2. It’s like the Uber for Uber. Peer-to-peer car rental platform DriveMyCar launched its popular UberX car rental service in Queensland and Victoria yesterday to coincide with the legalisation of Uber in the two states. The service means UberX drivers who don’t own a car can rent one for the job. The company first tried the option in NSW in July and says all the available corporate fleet cars were immediately rented, with business nearly doubling in August. Rates start at $179 a week – there’s a 7-day minimum rental – but that entry point doesn’t really work for UberX drivers since it comes with a 150km daily travel cap. But it’s not bad if you’re looking to hire a car for work for the week.

3. Human trials on Earth have shown that one day we can possibly live on Mars. The latest Earth-bound project from the Hawaii Space Exploration Analogue and Simulation (HI-SEAS), a NASA-funded trial of technologies, systems and people for its future Mars mission, has produced some interesting findings. Graham Mann, a senior lecturer at Murdoch University, has the details.

4. Learn how to be an angel investor. Elevation Capital partner Trevor Folsom wants to take tech investors back to school, launching a education program to help people become better early stage investors. First Angel is a 12-month educational program that costs $25k – half that money goes into backing a bunch of startups – through Folsom’s other business Investible, which mentors startups, then matches them up with investors and he launched last year with old mate Creel Price.

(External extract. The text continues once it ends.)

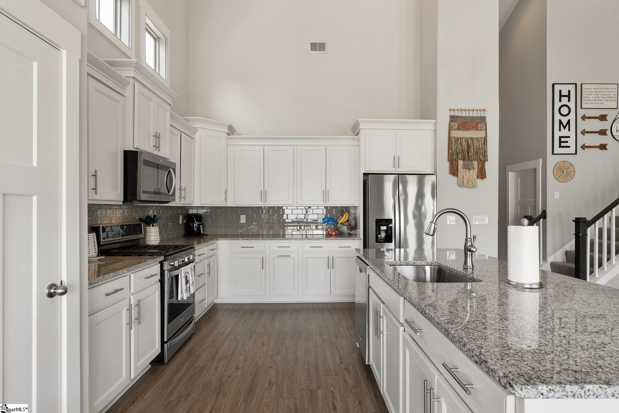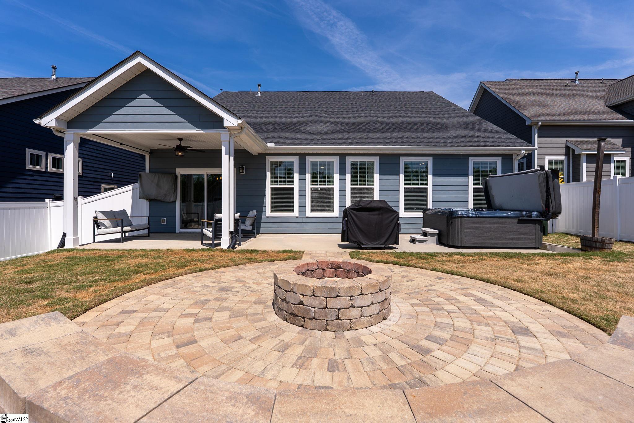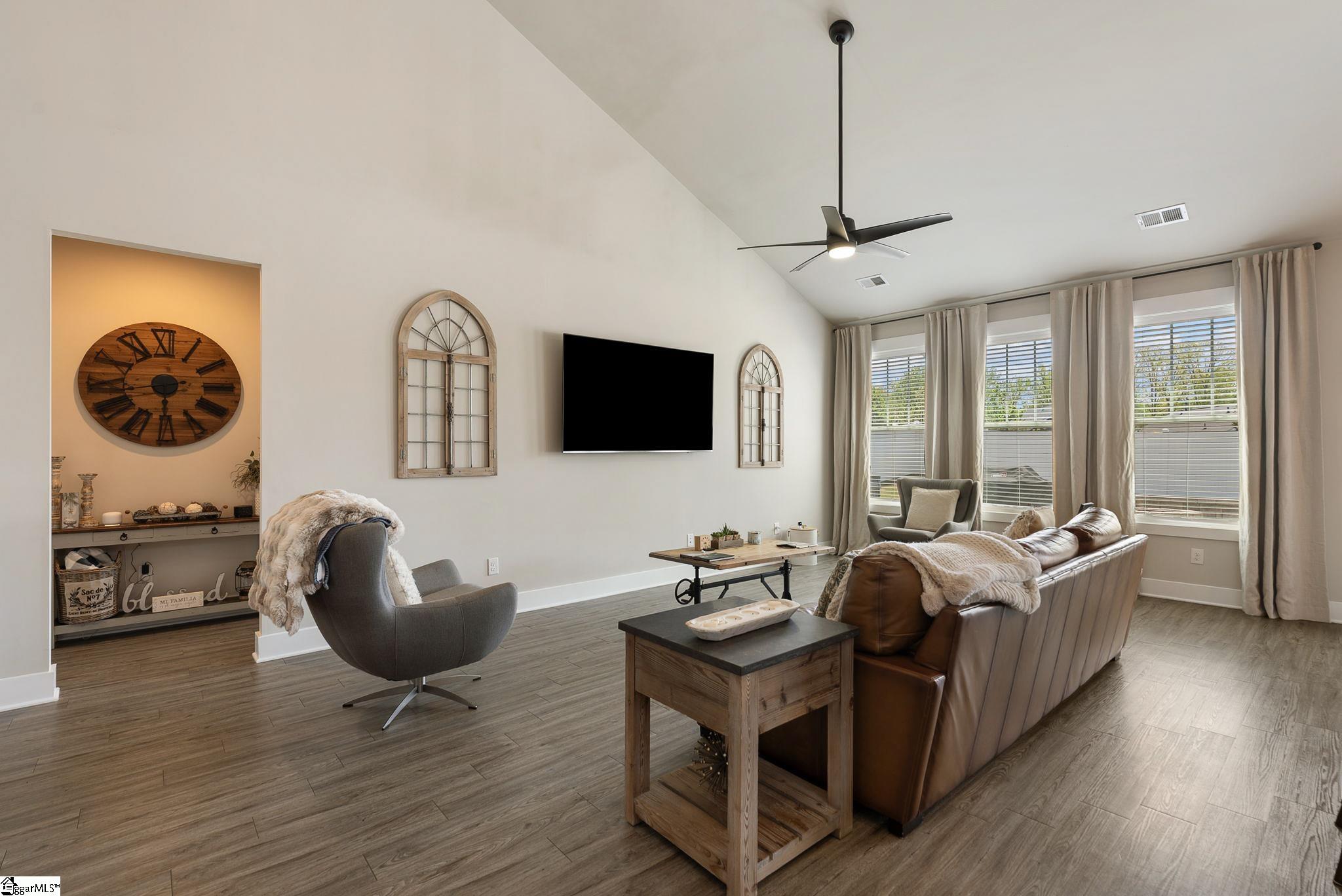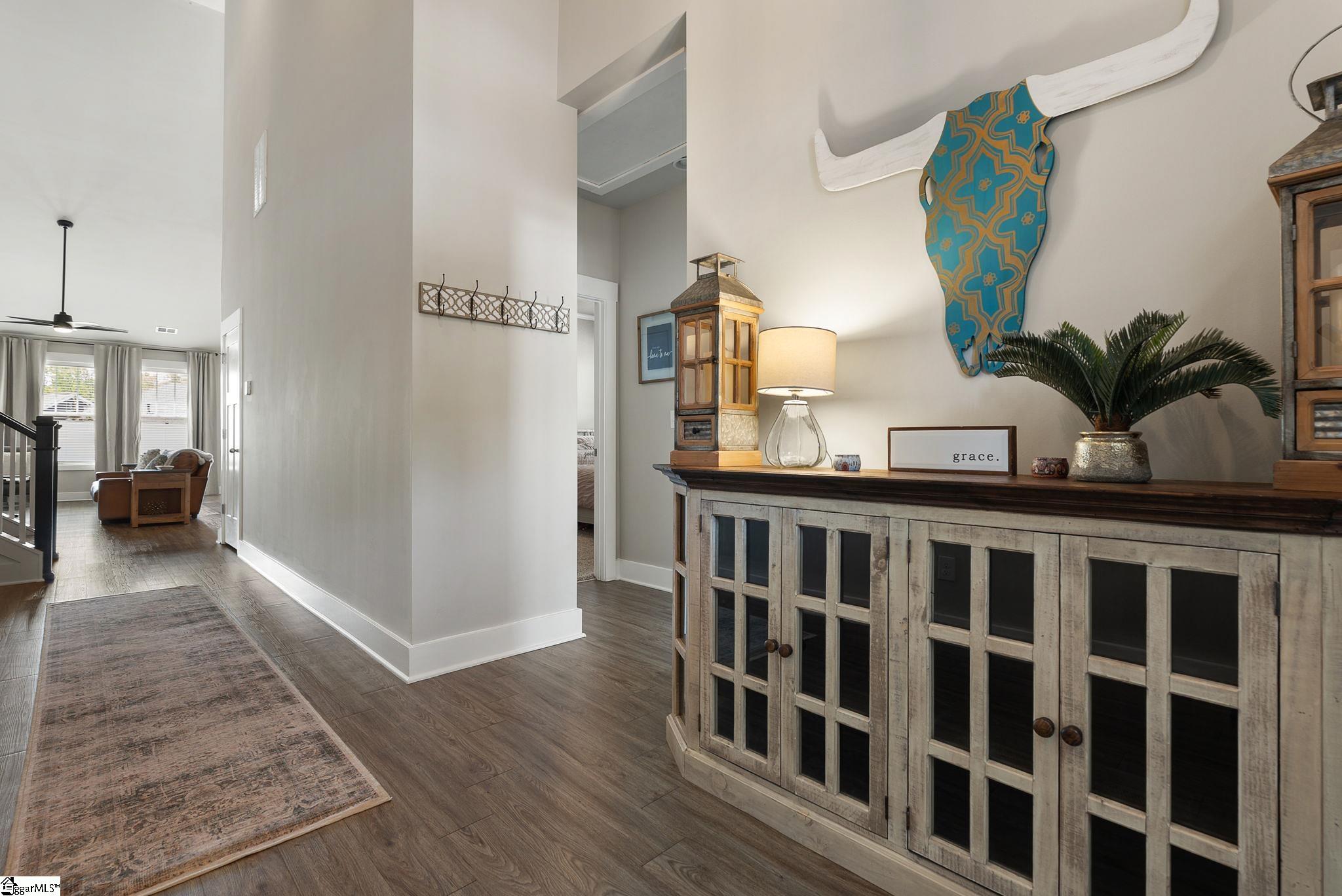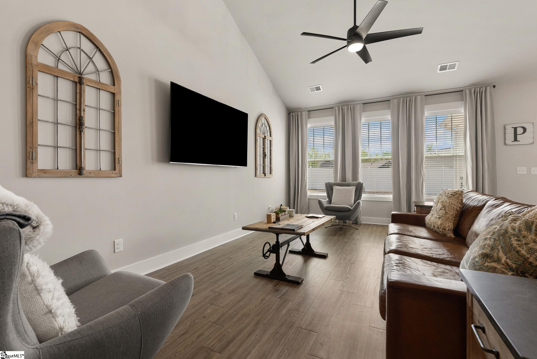 Welcome to 809 Lockhurst Dr., a stunning residence nestled in the desirable Coventry subdivision of Simpsonville. This beautiful four-bedroom, two-bathroom home perfectly blends modern elegance with everyday functionality. Inside, the open floor plan is defined by high vaulted ceilings and abundant natural light, creating an airy, spacious atmosphere. The heart of the home is the gourmet kitchen, which boasts a large central island, granite countertops, sleek stainless steel appliances, and plentiful cabinetry for all your storage needs. The thoughtful layout places the primary suite on the main floor alongside two additional bedrooms, ensuring ease of access and privacy. The primary suite offers a convenient main-level retreat, highlighted by an ensuite bathroom that features a double vanity, a large-format tile shower, and a generous walk-in closet. For added convenience, a dedicated walk-in laundry room and a two-car garage--perfect for extra storage--are also located on the main level. Upstairs, a versatile loft serves as a flexible space that can easily function as a fourth bedroom or a dynamic bonus room. Outdoor living is truly elevated here; a glass slider off the kitchen leads to a private oasis featuring a large fenced backyard, a covered patio, and an outdoor firepit. As a special bonus, the hot tub conveys with the home, offering the ultimate spot for relaxation. Residents also enjoy access to the community pool and a location that puts you moments away from the vibrant energy of Main Street Simpsonville, where local favorites like Sidewall Pizza, Houni's Italian Ice, and boutique shops await.

Folsom says he wants to “improve the quality of the entire start-up ecosystem” through his programs.

“Many people are interested in angel investing but are not sure where to start,” he said. The details, if you’re keen to know more, are here.

5. LiveHire signs on Telstra Health. LiveHire, the Melbourne-based HR and recruitment talent pool website that listed on the ASX in July, has signed a new client, the nation’s largest eHealth business, Telstra Health, adding to an impressive stable that already includes EY, Commonwealth Superannuation, KPMG, and construction group Ertech.

The platform is built to create pools of pre-qualified job candidates for companies to dip into when they need to recruit. Under the deal with Telstra Health, the telco’s business offshoot will implement LiveHire to manage the flow of talent into and across its entities.

LiveHire MD Antonluigi Gozzi said the signing was an important milestone for his business.

“Telstra Health will be using LiveHire and its talent community platform to be the centralised and single destination of talent through one unified profile that allows proactive recruitment, and the formation of real and sustained relationships with past, current, and future employees,” he said.

Gozzi said the deal demonstrates that LiveHire’s tech satisfies Telstra’s stringent data security requirements of Telstra “and that our technology and team can support Australia’s biggest companies who are leading the world on innovation and technology”.